▶ Problem to work on:
A faithful retyping of every entry below is wanted, with images left out.

[Items from a data source]
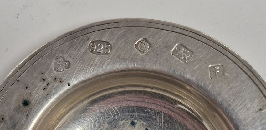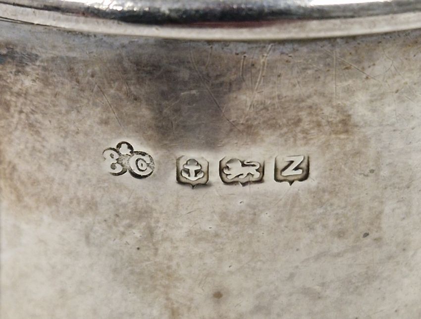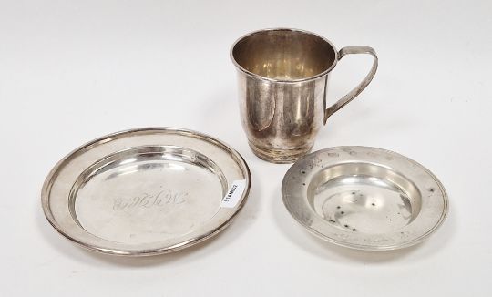 Silver mug by Elkington & Co, Birmingham 1949, of plain circular form, 7cm high and two silver pin dishes, total weight 7ozt approx (3)  Provenance:  Hicks Beach Estate.  The majority of pieces in this collection originate from Williamstrip, Coln St Aldwyn, family seat from 1788 to 2008 and thereafter Mill House, Coln St Aldwyn.  Sir Michael Hicks Beach, Bt, succeeded his father as 9th Baronet of Beverston in 1854.  He became a Conservative Member of Parliament in 1864 and served twice as Chancellor of the Exchequer, from 1885 to 1886 and again from 1895 to 1902.  In 1906 he was raised to the peerage as Viscount St Aldwyn and in 1915 became the first Earl St Aldwyn.
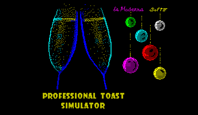 Парад рождественских игр для ZX Spectrum продолжается — ещё одну выпустил пользователь форума World of Spectrum с ником J.B. Называется она Professional Toast Simulator, и в ней нужно взаимодействовать с разными персонажами, которые пытаются всучить вам какой-нибудь предмет или выпить.
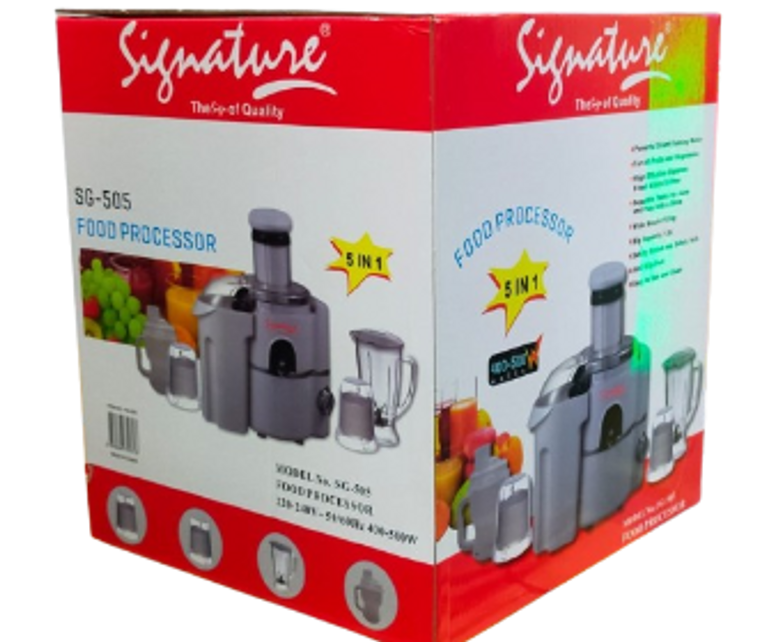 This SIGNATURE juice extractor extracts juice from citrus fruits, vegetables by shredding the flesh of the food item and any kinds of fruits such as Apples, Watermelon, Carrots, vegetables etc. It's great for making ice-cold smoothies or hot soups. To make things even easier and to help you save space in your kitchen. Both the bowl and the blender can be run from a single drive. Juice Extractor has 2 speeds for soft and hard fruit and vegetables.
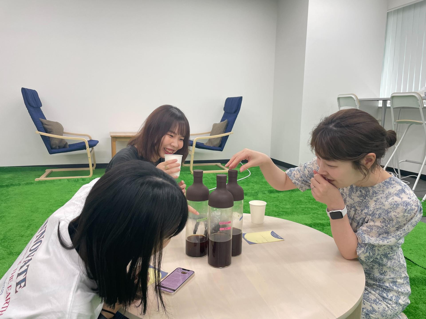 この芝生スペースで、3種類のコーヒーを味くらべ。
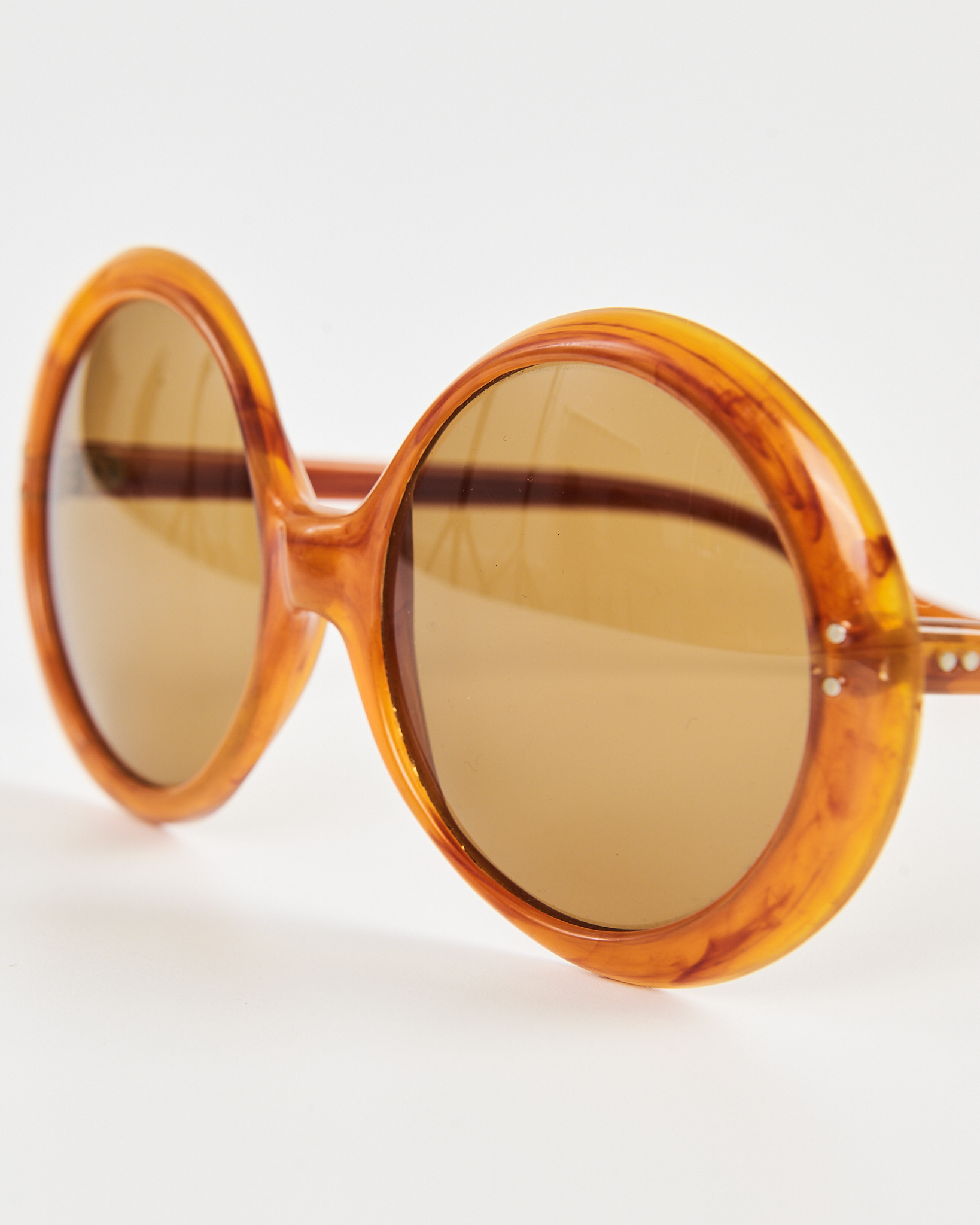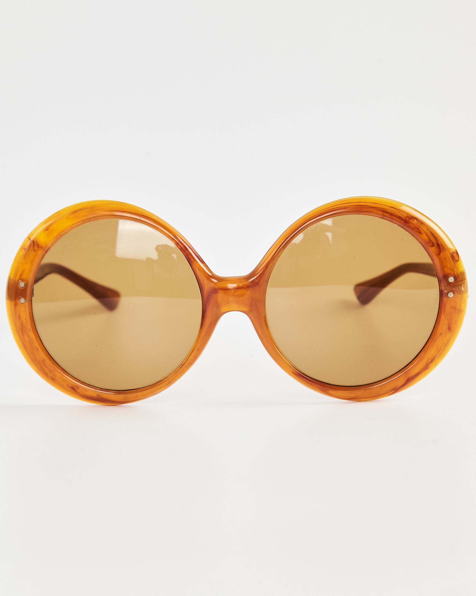 Очки с крупной круглой оправой  янтарного оттенка.  Посадка комфортная, оправа комфортно фиксируется и не давит. Тонированные линзы мягко приглушают свет.
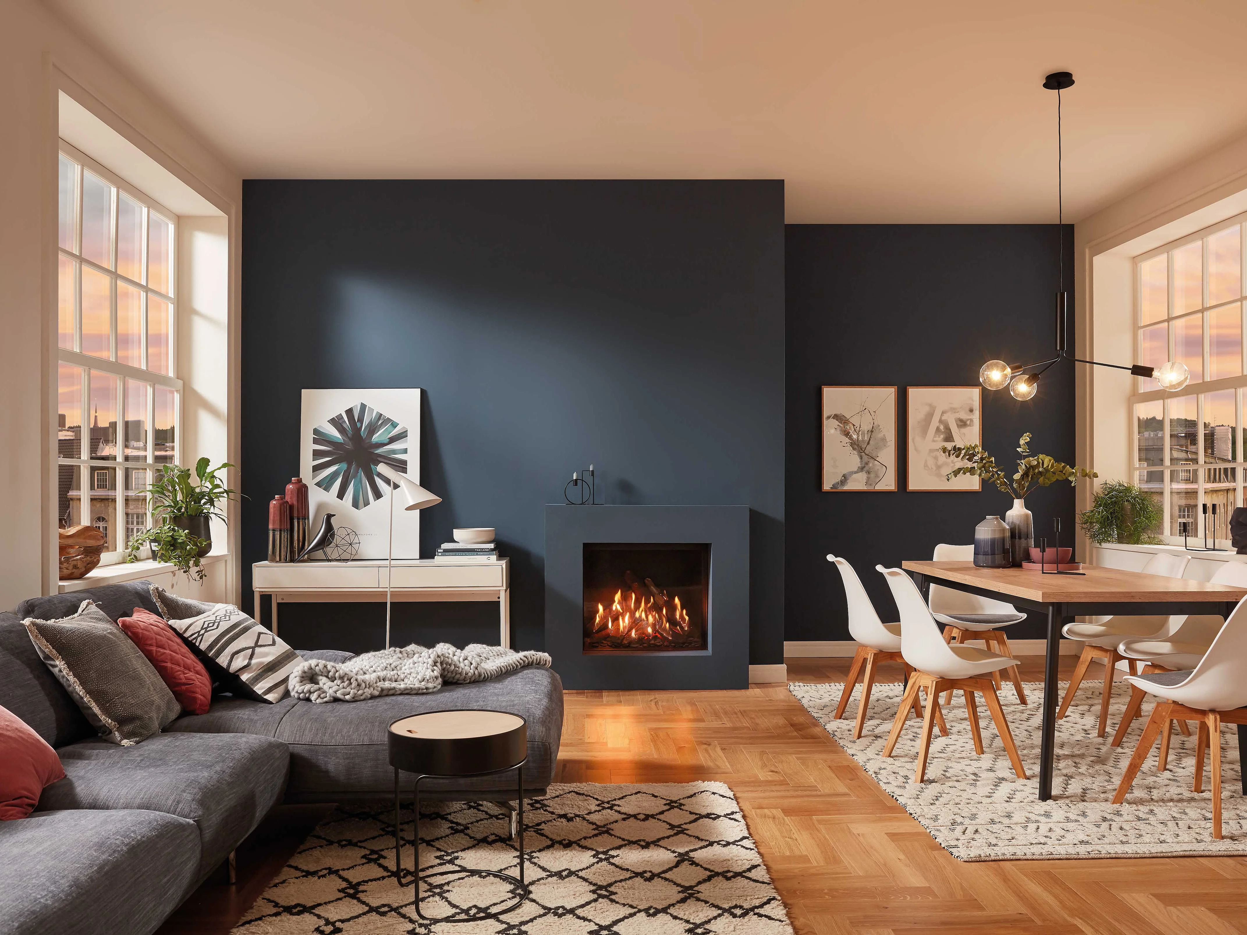 Die Feuerraumrück- und Seitenwände lassen sich mit Stahlblech in anthrazit (matt) oder schwarzer Glaskeramik (glänzend) auskleiden. Die Innenauskleidung aus Glaskeramik spiegelt die Flammen wider und gibt dem Brennraum mehr Tiefe.
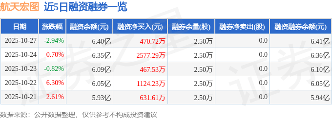 航天宏图融资融券信息显示,融资方面,当日融资买入6301.94万元,融资偿还5831.22万元,融资净买入470.72万元,连续3日净买入累计3515.54万元。融券方面,融券卖出0.0股,融券偿还0.0股,融券余量2.5万股,融券余额80.15万元。融资融券余额6.41亿元。
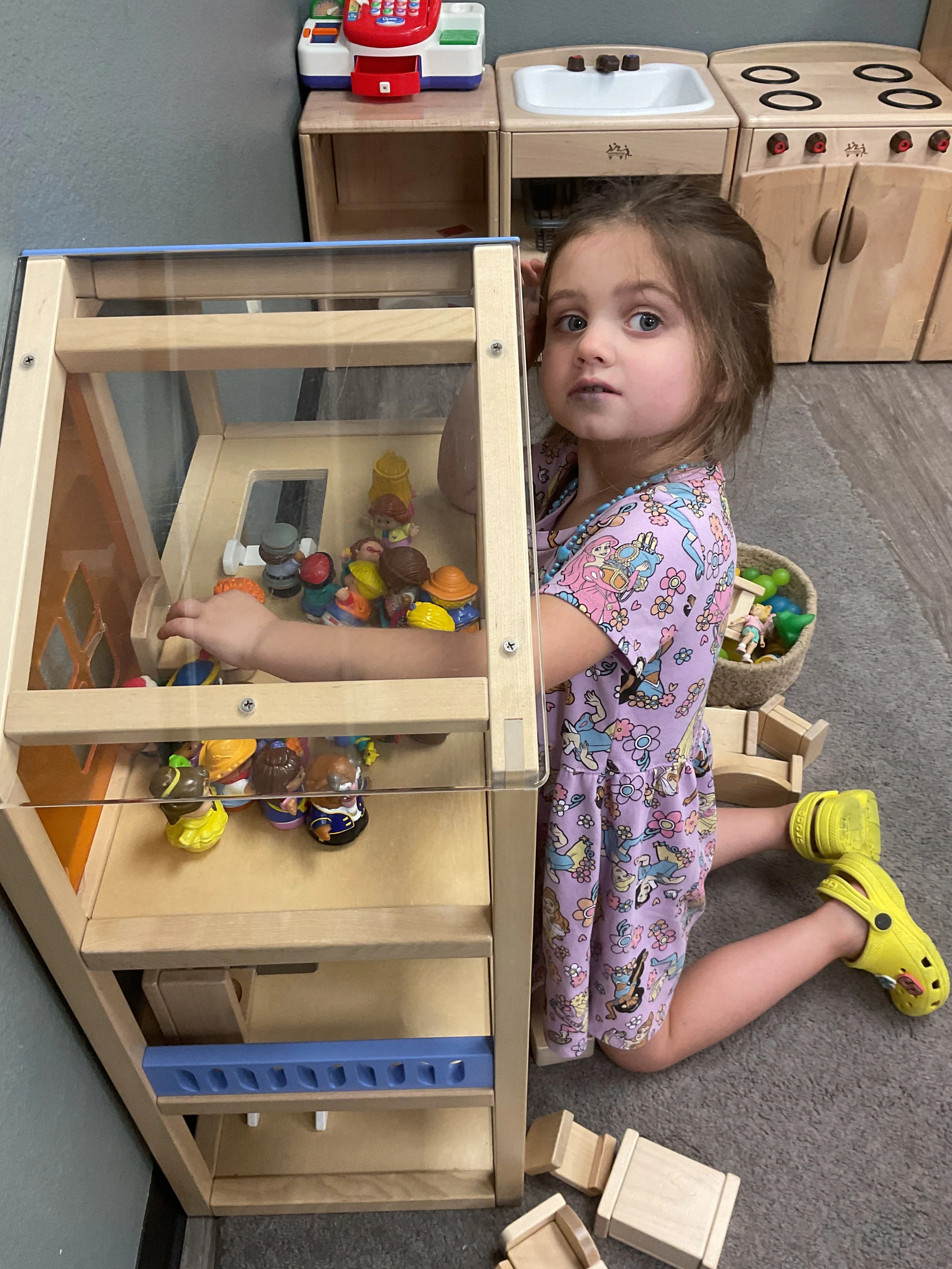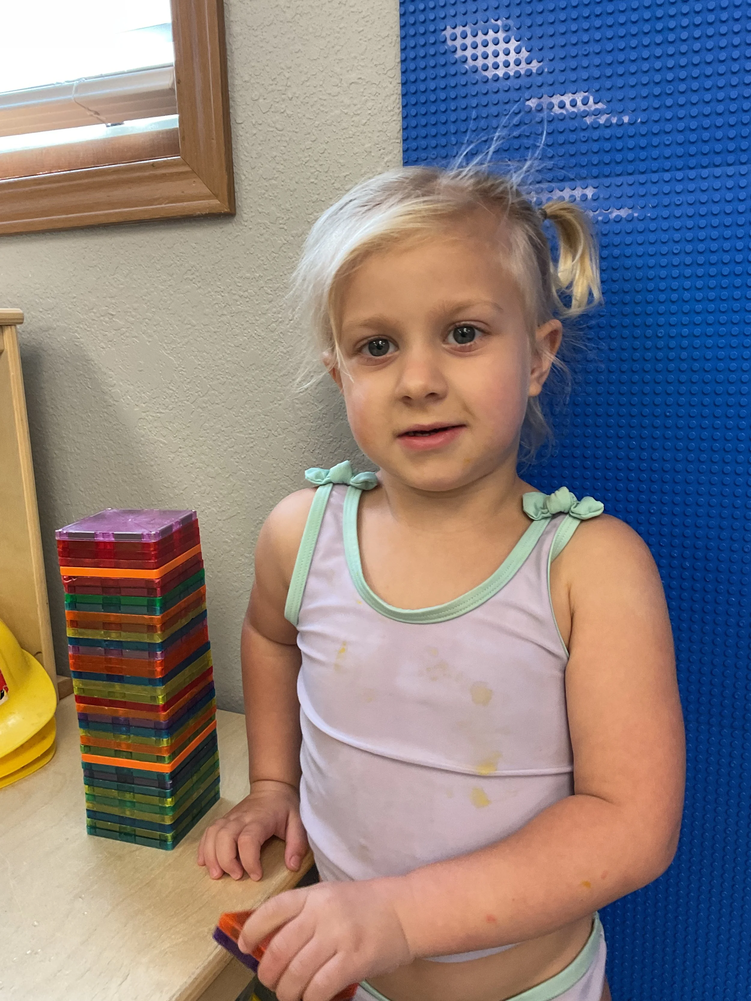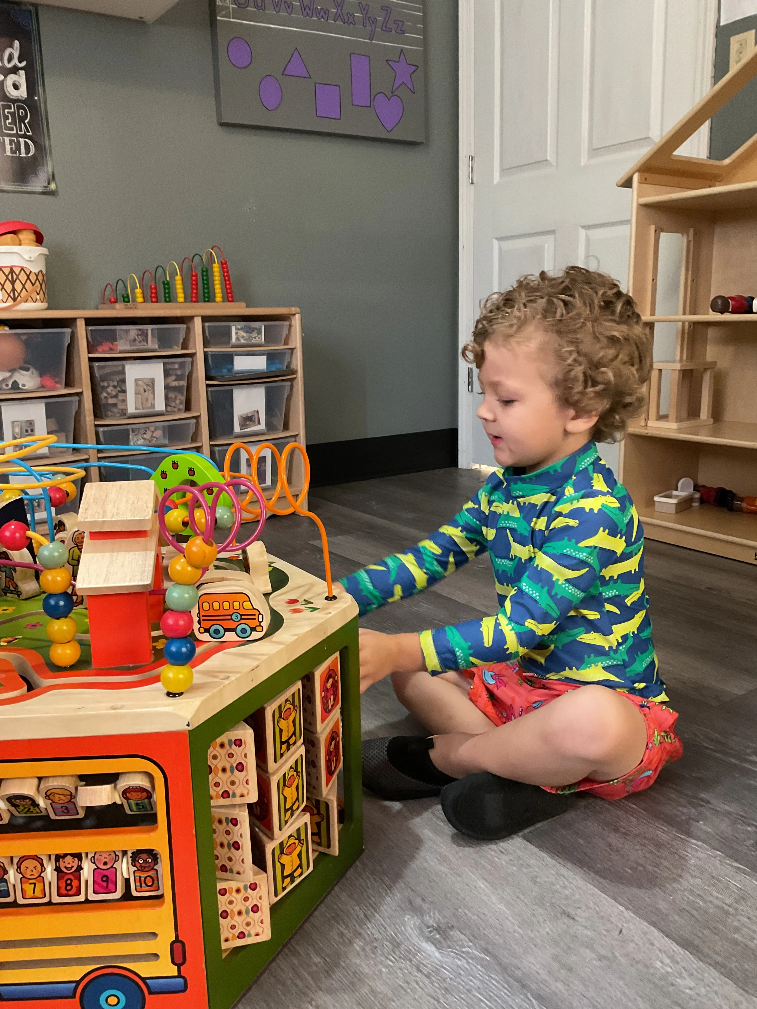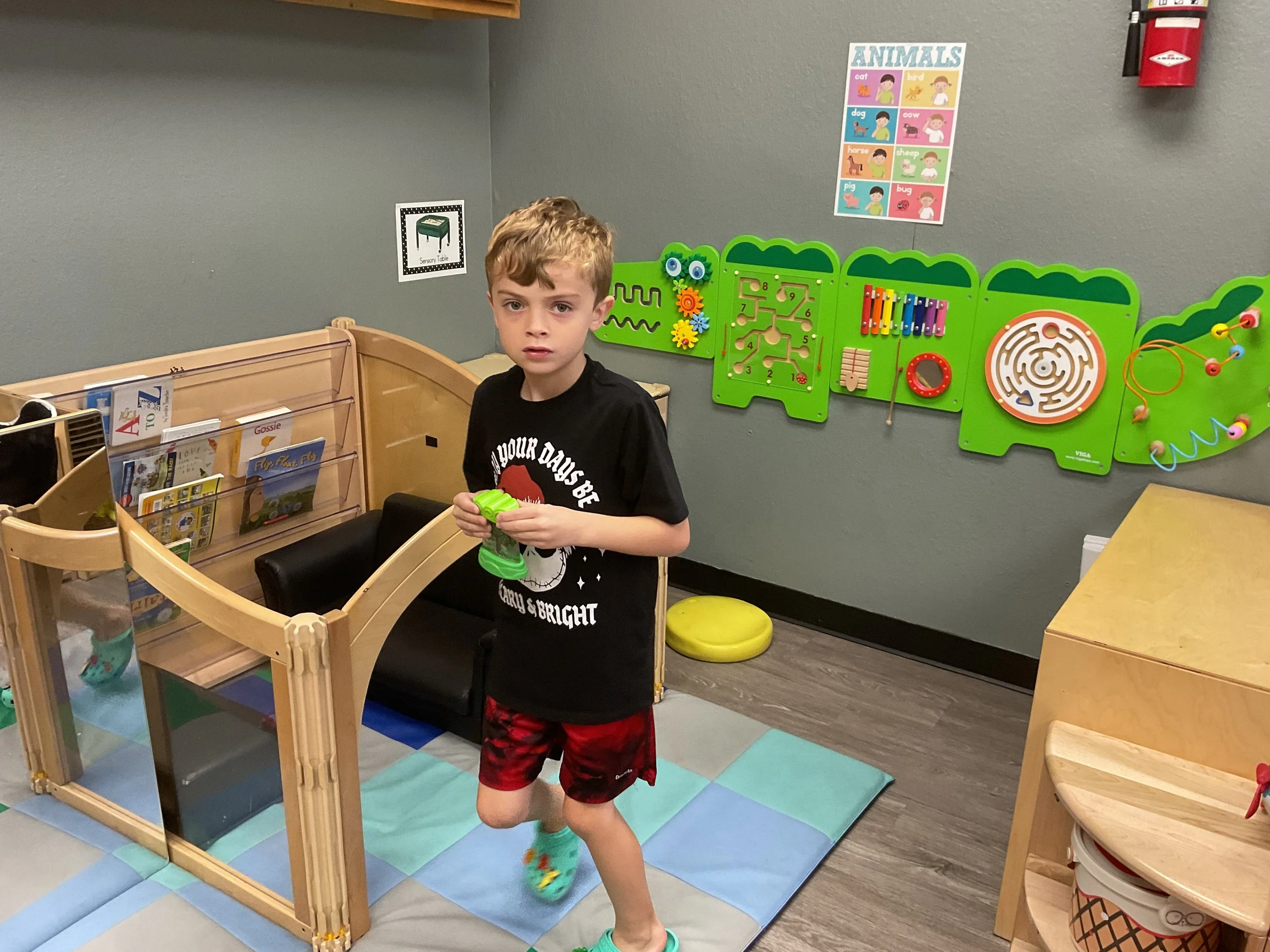 This morning, we read the book Hedgie Blasts Off written by Jan Brett. During music and movement time, we stretched our bodies so we can reach the stars during yoga this morning! During our math and cognition lesson, we used different shapes to make a rocket. For our science and sensory lesson, we filled our sensory bin with astronauts and asteroids. Finally, during our fine motor and literacy lesson, we practiced tracing and writing space themed words.

▶ Completed task:
 Silver mug by Elkington & Co, Birmingham 1949, of plain circular form, 7cm high and two silver pin dishes, total weight 7ozt approx (3)  Provenance:  Hicks Beach Estate.  The majority of pieces in this collection originate from Williamstrip, Coln St Aldwyn, family seat from 1788 to 2008 and thereafter Mill House, Coln St Aldwyn.  Sir Michael Hicks Beach, Bt, succeeded his father as 9th Baronet of Beverston in 1854.  He became a Conservative Member of Parliament in 1864 and served twice as Chancellor of the Exchequer, from 1885 to 1886 and again from 1895 to 1902.  In 1906 he was raised to the peerage as Viscount St Aldwyn and in 1915 became the first Earl St Aldwyn.
 Парад рождественских игр для ZX Spectrum продолжается — ещё одну выпустил пользователь форума World of Spectrum с ником J.B. Называется она Professional Toast Simulator, и в ней нужно взаимодействовать с разными персонажами, которые пытаются всучить вам какой-нибудь предмет или выпить.
 This SIGNATURE juice extractor extracts juice from citrus fruits, vegetables by shredding the flesh of the food item and any kinds of fruits such as Apples, Watermelon, Carrots, vegetables etc. It's great for making ice-cold smoothies or hot soups. To make things even easier and to help you save space in your kitchen. Both the bowl and the blender can be run from a single drive. Juice Extractor has 2 speeds for soft and hard fruit and vegetables.
 この芝生スペースで、3種類のコーヒーを味くらべ。
 Очки с крупной круглой оправой  янтарного оттенка.  Посадка комфортная, оправа комфортно фиксируется и не давит. Тонированные линзы мягко приглушают свет.
 Die Feuerraumrück- und Seitenwände lassen sich mit Stahlblech in anthrazit (matt) oder schwarzer Glaskeramik (glänzend) auskleiden. Die Innenauskleidung aus Glaskeramik spiegelt die Flammen wider und gibt dem Brennraum mehr Tiefe.
 航天宏图融资融券信息显示,融资方面,当日融资买入6301.94万元,融资偿还5831.22万元,融资净买入470.72万元,连续3日净买入累计3515.54万元。融券方面,融券卖出0.0股,融券偿还0.0股,融券余量2.5万股,融券余额80.15万元。融资融券余额6.41亿元。
 This morning, we read the book Hedgie Blasts Off written by Jan Brett. During music and movement time, we stretched our bodies so we can reach the stars during yoga this morning! During our math and cognition lesson, we used different shapes to make a rocket. For our science and sensory lesson, we filled our sensory bin with astronauts and asteroids. Finally, during our fine motor and literacy lesson, we practiced tracing and writing space themed words.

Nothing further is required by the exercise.